In summary, admixed Chileans show two main types of Native American ancestry: Mapuche and Aymara. Increasing Mapuche proportions are specifically associated with an increased mortality due to asthma and gallbladder cancer, and with a decreased mortality due to diabetes. Increasing Aymara percentages correspond to increased risk of death by melanoma and bladder, larynx, skin, and bronchus and lung neoplasms. These results suggest that finer gradation of Native American ancestry has important implications for unraveling of disease etiology and disease prevention.
Ethics approval was obtained from the Medical Faculties of the Universidad de Chile (approval #123–2012) and the Pontificia Universidad Católica de Chile (#11–159), and from Universidad de Tarapacá and University College London as previously described in Ruiz-Linares et al. . All participants provided written informed consent prior to participation. Structured questionnaires applied to volunteers of the aggregate-data and validation studies are available upon request.
Reference individuals, and subjects in the aggregate-data and validation studies
Surrogates of African and European ancestry were 87 Yorubans in Ibadan, Nigeria, and 80 Utah residents with Northern and Western European ancestry from the 1000 Genome Project . Native American reference individuals were 64 samples from the Americas in the Human Genome Diversity Project (HGDP) . Nine Mapuche and nine Aymara individuals were selected to represent the two largest indigenous peoples in Chile based on the three following criteria: four grandparental Mapuche or Aymara surnames, estimated Native American proportion of at least 74% for Mapuche and at least 99% for Aymara reference individuals, and mitochondrial DNA haplogroups consistent with Mapuche (haplogroup C or D) or Aymara (haplogroup B) descent .

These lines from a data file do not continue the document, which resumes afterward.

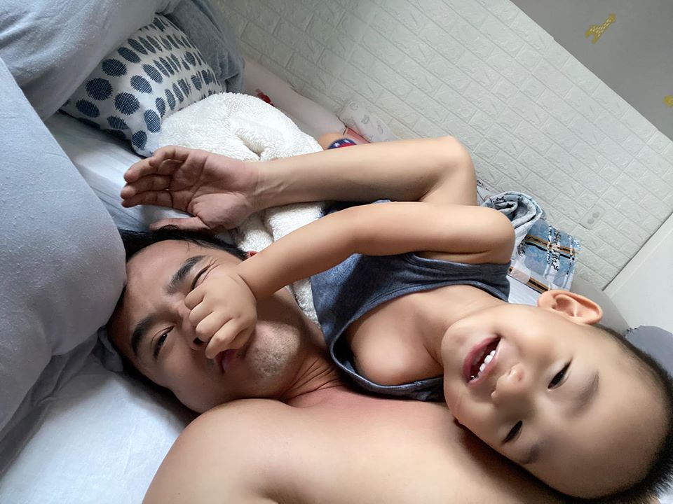 CĐM cũng một phen bật cười khi thấy những hình ảnh mà Lương Thế Thành đăng tải, con trai Bảo Bảo của anh thản nhiên “hành hạ” thể xác bố. Tuy kêu than là mệt mỏi rã rời nhưng biểu cảm của nam diễn viên điển trai lại vô cùng sung sướng, mãn nguyện, lúc nào cũng trông tươi rói và đầy rạng rỡ.
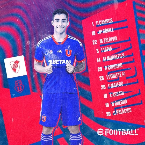 Con todo esto ya consignado, la formación de la U para medirse ante los millonarios es con Cristóbal Campos Véliz en el arco; Juan Pablo Gómez, Matías Zaldivia, Ignacio Tapia y Marcelo Morales; Renato Cordero, Federico Mateos, Israel Poblete y Lucas Assadi; Nicolás Guerra y Cristian Palacios.
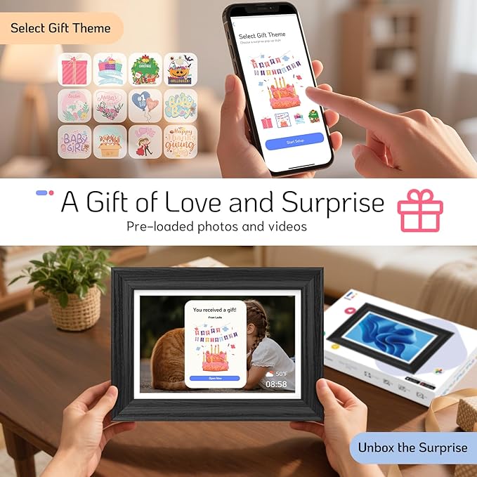 - 【The Most Wished Gift & Unboxing Surprise】NexFoto digital frames come in a beautiful gift-ready box and unboxing surprise which can pre-loaded messages and photos, making them the perfect gift ideas for Mother's Day, Father's Day, and Christmas. For special occasions like anniversaries, weddings, graduations, and birthdays, this meaningful gift will keep all shared memories alive and close to your loved ones.The Newest Way to stay connected by Joining the private social circle with friends and family
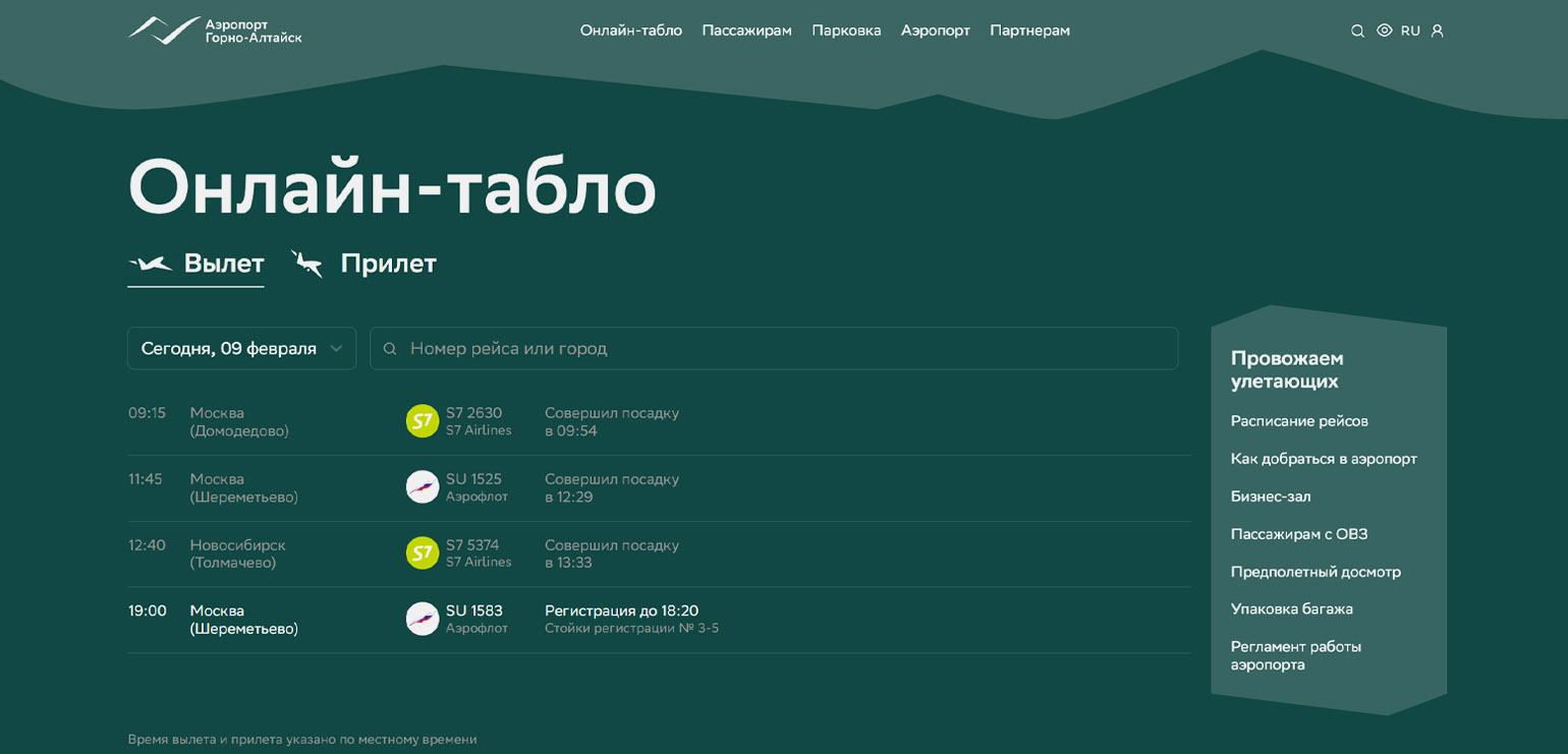Студия Артемия Лебедева создала дизайн для сайта аэропорта города Горно-Алтайск
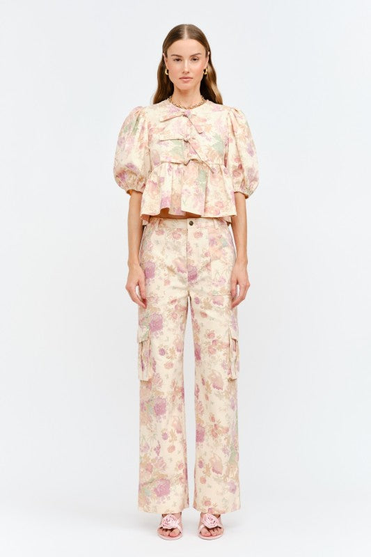 FLORAL PRINT BLOUSE WITH FRONT TIES
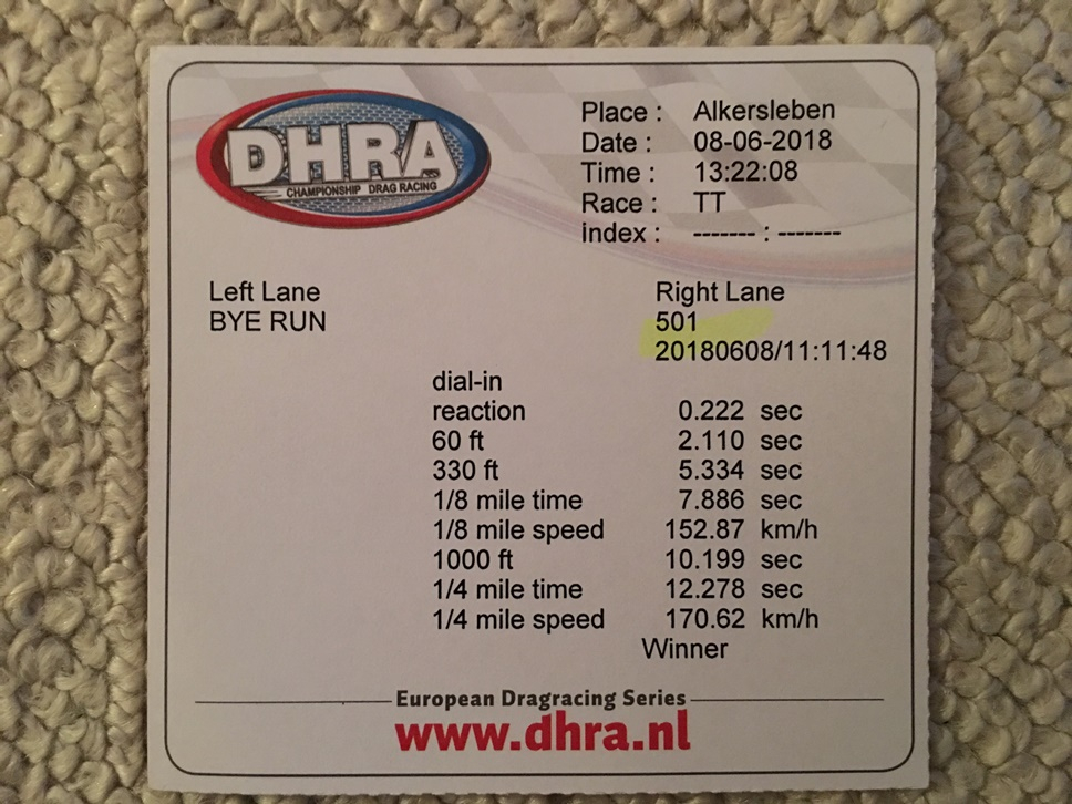 Bei der 1/8 Meile habe ich nun grundsätzlich um die 150km/h drauf und bei dem Lauf waren es dann am Ende nur noch 144 km/h. Konnte aber dank meiner besseren Reaktion am Start und der besseren 60 Fußzeit daqs Rennen dann dochg noch für mich entscheiden.

Table 1 shows demographic characteristics of the 1805 individuals in the aggregate-data study. The median age of study participants was 27 years and 39% were women. 2% belonged to the ABC1 socioeconomic group (high middle class) and 27% to the D/E stratum (semi- and un-skilled manual occupations, unemployed and lowest grade occupations). The Chilean regions with the largest numbers of participants were De Arica y Parinacota (44% of subjects), Metropolitana de Santiago (17%) and Del Biobío (9%). About 2/3 of recruited subjects were professional soldiers, with a relatively large proportion of men born in the south of Chile (Del Maule, Del Biobío and De la Araucanía regions). Traditionally, the majority of professional soldiers are recruited from among the middle classes, with minorities from the social elite (officer corps) and the lowest socioeconomic groups (illiterate citizens), representing well the general Chilean population. Part of the aggregate-data collective has been previously described by Ruiz-Linares et al. .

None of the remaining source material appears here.